If the marker is gone and `memory_count` matches the baseline, the
drill **passed**. The runtime store has a trustworthy rollback.

### Step 8. (Optional) Clean up the safety snapshot

If everything went smoothly you can leave the pre-restore safety
snapshot on disk for a few days as a paranoia buffer. There's no
automatic cleanup yet — `list_runtime_backups()` will show it, and
you can remove it by hand once you're confident:

```bash
rm -rf /srv/storage/atocore/backups/snapshots/<pre_restore_stamp>
```

## Failure modes and recovery

### Restore reports `restored_integrity_ok: false`

The copied db failed `PRAGMA integrity_check`. Do **not** start
the service. This usually means either the source snapshot was
itself corrupt (and `validate_backup` should have caught it — file
a bug if it didn't), or the copy was interrupted. Options:

1. Validate the source snapshot directly:
   `python -m atocore.ops.backup validate <STAMP>`
2. Pick a different, older snapshot and retry the restore.
3. Roll the db back to your pre-restore safety snapshot.

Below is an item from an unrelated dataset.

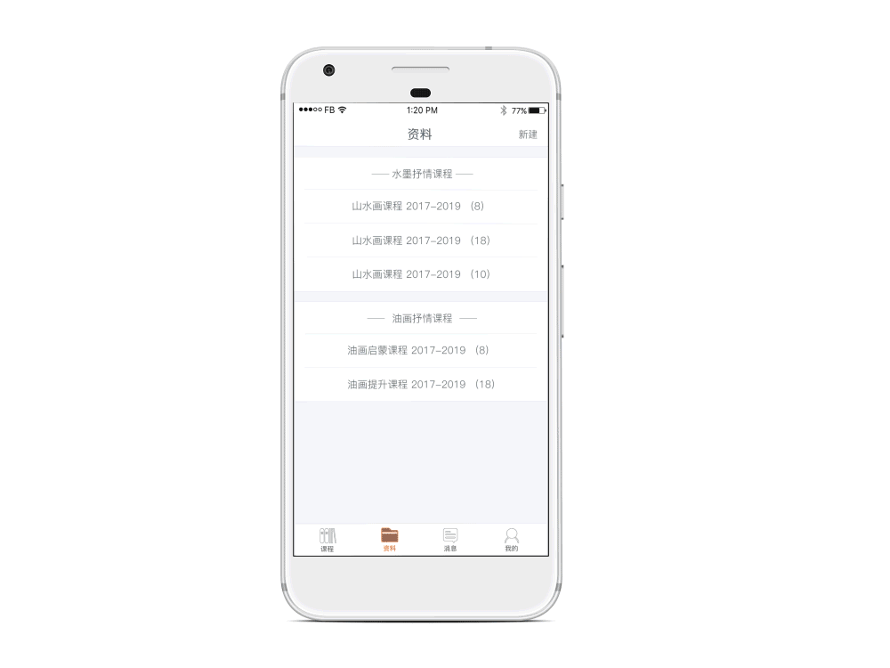 创建资料库:首先,打开主界面“资料”,点击“新建”,填写资料库基本信息、关联课程后确认即建立资料库,以便区分不同课程的讲义。

### The live container won't start after restore

Check the container logs:

```bash
cd /srv/storage/atocore/app/deploy/dalidou
docker compose logs --tail=100 atocore
```

Common causes:

- Schema drift between the snapshot and the current code version.
  `_apply_migrations` in `src/atocore/models/database.py` is
  idempotent and should absorb most forward migrations, but a
  backward restore (running new code against an older snapshot)
  may hit unexpected state. The migration only ADDs columns, so
  the opposite direction is usually safe, but verify.
- Chroma and SQLite disagreeing about what chunks exist. The
  backup captures them together to minimize this, but if you
  restore SQLite without Chroma (`--no-chroma`), retrieval may
  return stale vectors. Re-ingest if this happens.

### The drill marker is still present after restore

Something went wrong. Possible causes:

- You restored a snapshot taken AFTER the drill marker was
  written (wrong stamp).
- The service was writing during the drill and committed the
  marker before `docker compose down`. Double-check the order.
- The restore silently skipped the db step. Check the restore
  output for `db_restored: true` and `restored_integrity_ok: true`.

Roll back to the pre-restore safety snapshot and retry with the
correct source snapshot.

## When to run this drill

- **Before** enabling any new write-path automation (auto-capture,
  automated ingestion, reinforcement sweeps, scheduled extraction).
- **After** any change to `src/atocore/ops/backup.py` or the
  schema migrations in `src/atocore/models/database.py`.
- **After** a Dalidou OS upgrade or docker version bump.
- **Monthly** as a standing operational check.

Record each drill run (pass/fail) somewhere durable — even a line
in the project journal is enough. A drill you ran once and never
again is barely more than a drill you never ran.